I vote for increased mudslinging rather than more sh!tbikes. No offense to the OP.


----------



## steelhead (Jul 8, 2004)

To BLU_FZ1

I hope you enjoy your bikes. There where a lot of Muddy Foxes around here back then and I always wanted one.


----------



## DoubleCentury (Nov 12, 2005)




----------



## colker1 (Jan 6, 2004)

mainlyfats said:


> The kinder, gentler VRC lasted what? six weeks?


the hypocrisy is over.


----------



## mechagouki (Nov 30, 2007)

Bring on the hate!!!


----------



## colker1 (Jan 6, 2004)

mechagouki said:


> Bring on the hate!!!


no. bring on sincerity, criticism and a sharp sense of humour.. please.
take away the dumb, hypocritical, condescending, fake, ignorant, moronic attitudes.


----------



## mechagouki (Nov 30, 2007)

colker1 said:


> no. bring on sincerity, criticism and a sharp sense of humour.. please.
> take away the dumb, hypocritical, condescending, fake, ignorant, moronic attitudes.


Like This?



Rumpfy said:


> Those bikes fcuking suck.


I mean you did say:



colker1 said:


> i thought of posting that........




I'm normally fairly polite about the more prosaic bikes on here, but I made the mistake of thinking this thread was a joke on the part of the OP, he did describe one of his bikes as being "monkey-spew yellow".


----------



## colker1 (Jan 6, 2004)

mechagouki said:


> Like This?
> 
> I mean you did say:
> 
> ...


yeah. like Rumpfy's comment. makes it real. like a Prodigy pop video or any good heavy metal song.
condescending, feel good attitudes? no thanks.


----------



## bushpig (Nov 26, 2005)

DoubleCentury said:


>


Aluminum sucks.
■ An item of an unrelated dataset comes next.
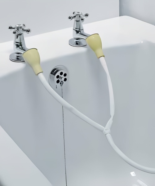 The worst bit about the hair wash was having to use one of these torture devices, which would either freeze your head or scald it when the pressure built up too much and one of the rubber things popped off the tap.

Steal is real.


----------



## colker1 (Jan 6, 2004)

bushpig said:


> Aluminum sucks. Steal is real.


you are such a hater. i am shocked.


----------



## Shayne (Jan 14, 2004)

Why do you insist on tauntng me with the expidition


----------



## pinguwin (Aug 20, 2004)

Well, BLU_FZ1, for better or for worse, welcome to VRC.


----------



## Rumpfy (Dec 21, 2003)

Never have the two forums been so painfully obviously different.

http://www.retrobike.co.uk/forum/viewtopic.php?t=75416


----------



## colker1 (Jan 6, 2004)

Rumpfy said:


> Never have the two forums been so painfully obviously different.
> 
> http://www.retrobike.co.uk/forum/viewtopic.php?t=75416


don't provoke me.


----------



## mainlyfats (Oct 1, 2005)

Rumpfy said:


> Never have the two forums been so painfully obviously different.
> 
> http://www.retrobike.co.uk/forum/viewtopic.php?t=75416


That is hilarious...


----------



## yo-Nate-y (Mar 5, 2009)

The Merida comment had to be sarcastic ::facepalm::


----------



## Baulz (Sep 16, 2005)

Rumpfy said:


> Those bikes fcuking suck.


And so does your mom.


----------



## Shayne (Jan 14, 2004)

Dibs on the bullmoose!


----------



## shovelon (Mar 16, 2006)

yo-Nate-y said:


> The Merida comment had to be sarcastic ::facepalm::


No it was not. I really do think it is cool, and would like to know more about it.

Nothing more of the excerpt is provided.